Of course, different dimensionality reduction algorithms may work better or worse for this (e.g. MDS which focuses on preserving distances between data points rather than variances is more naturally cluster-like). But fundamentally, many dimensionality reduction algorithms implicitly preserve data about the underlying manifold that the data lie on, whereas fuzzy cluster vectors only hold information about the relations between data points (which may or may not implicitly encode that other information).
Overall, the purpose is a little different. Clustering is designed to find groups of similar data. Feature selection and dimensionality reduction are designed to reduce the noise and/or redundancy of the data by changing the embedding space. Often we use the latter to help with the former.
I have a training set where the input vectors are speed, acceleration and turn angle change. Output is a crisp class- an activity state from the given set {rest, walk, run}. e.g- say for input vectors [3.1 1.2 2]-->run ; [2.1 1 1]-->walk and so on.
I am using weka to develop a Neural Network model. The output I am defining as crisp ones (or rather qualitative ones in words- categorical values). After training the model, the model can fairly classify on test data.

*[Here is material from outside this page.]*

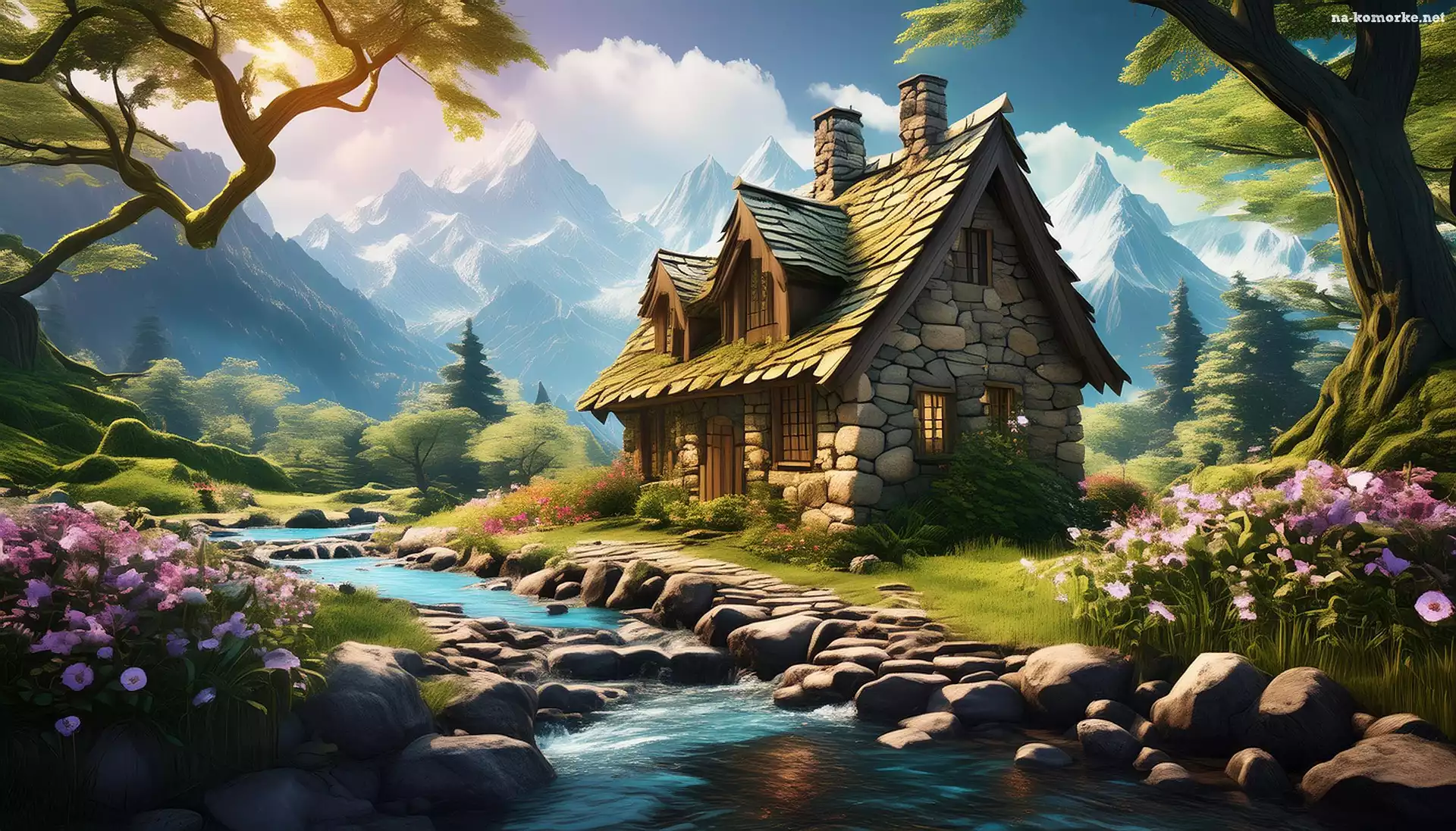 Dom, Strumień, Góry, Kwiaty, Grafika na Komórkę

I was wondering how the internal process (mapping function) is taking place? Is the qualitative output states are getting some nominal value inside the model and after processing it is again getting converted to the categorical data? because a NN model cannot map float input values to a categorical data through hidden neurons, so what is actually happening, although the model is working fine.
If the model converts the categorical outputs into nominal ones and then start processing then on what basis it converts the categorical value into some arbitrary numerical values?

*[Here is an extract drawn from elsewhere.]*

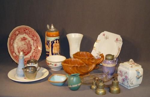 TRAY LOT W/ POTTERY VASES, STEIN, EGG CODDLER, ETC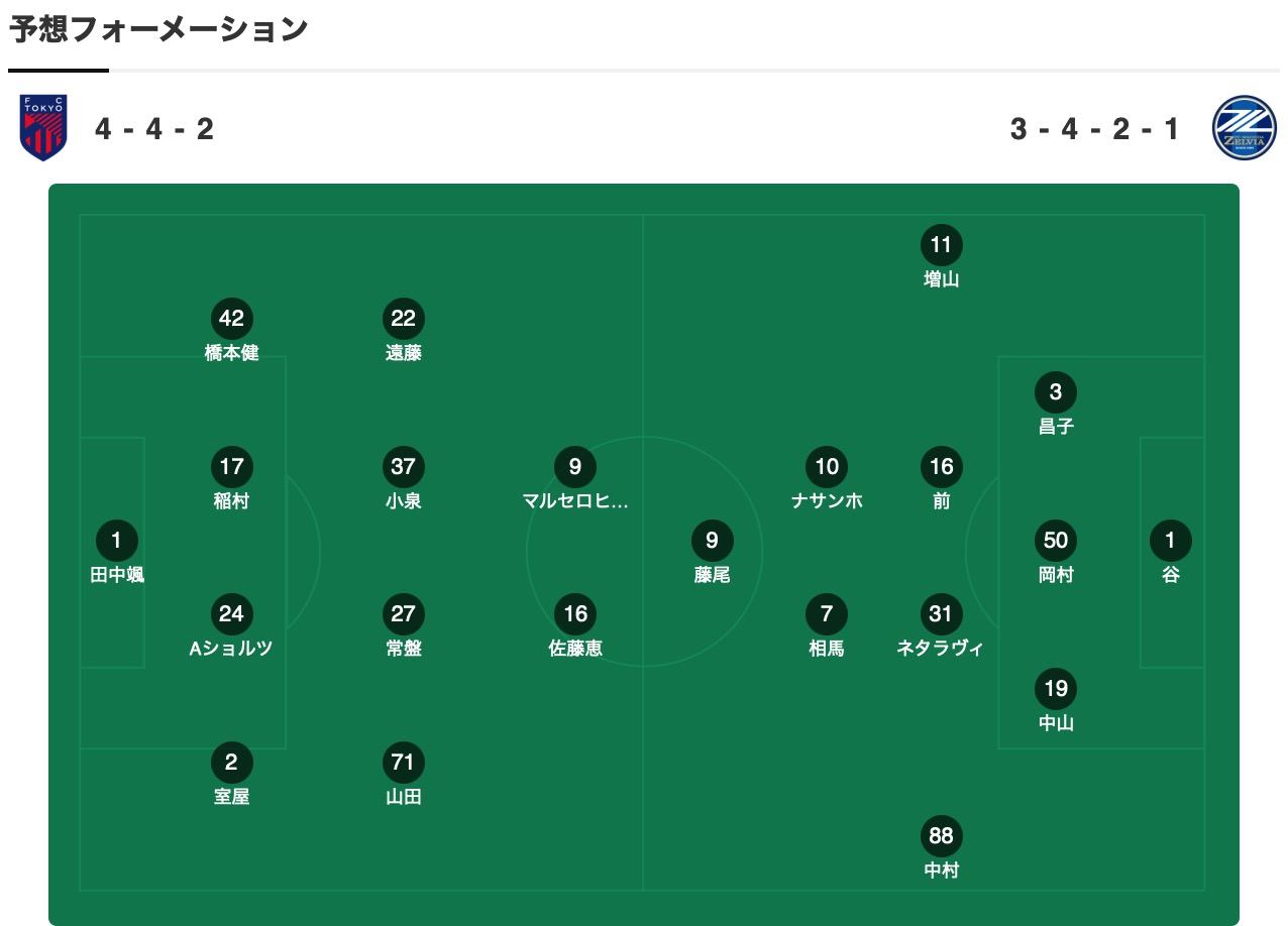 两队在本周中刚刚进行了一场交锋,这是因为町田泽维亚即将参加亚冠淘汰赛而提前进行,FC东京在客场3-0击败町田泽维亚,佐藤恵允梅开二度并且还有一个助攻表现出色,这场胜利也让FC东京在积分榜上反超了町田泽维亚排名东部第2位,而本轮排名榜首的鹿岛鹿角只收获平局,本场如果获胜可以将几分差距缩小到1分,球队的战意还是较足,阵容上主力中场橋本拳人停赛无法出战,后卫長友佑都、森重真人、主力前锋長倉幹樹、替补小柏剛都因伤缺席,中场中场俵積田晃太、荒井悠汰出战有一定疑问,门将金承奎、中场佐藤龍之介都结束了国家队比赛任务回归。

Yes, categorical values are usually being converted to numbers, and the networks learn to associate input data with these numbers. However these numbers are often further encoded, not to use only single output neuron. The most common way to do it, for unordered labels, is to add dummy output neurons dedicated to each category and use 1-of-C encoding, with 0.1 and 0.9 as target values. Output is interpreted using the Winner-take-all paradigm.
Using only one neuron and encoding categories with different numbers for unordered labels often leads to problems - as the network will treat middle categories as "averages" of the boundary categories. This however may sometimes be desired, if you have ordered categorical data.
You can find very good explanation of this issue in this part of the online Neural Network FAQ.
The neural net's computations all take place on continuous values. To do multiclass classification with discrete output, its final layer produces a vector of such values, one for each class. To make a discrete class prediction, take the index of the maximum element in that vector.
So if the final layer in a classification network for four classes predicts [0 -1 2 1], then the third element of the vector is the largest and the third class is selected. Often, these values are also constrained to form a probability distribution by means of a softmax activation function.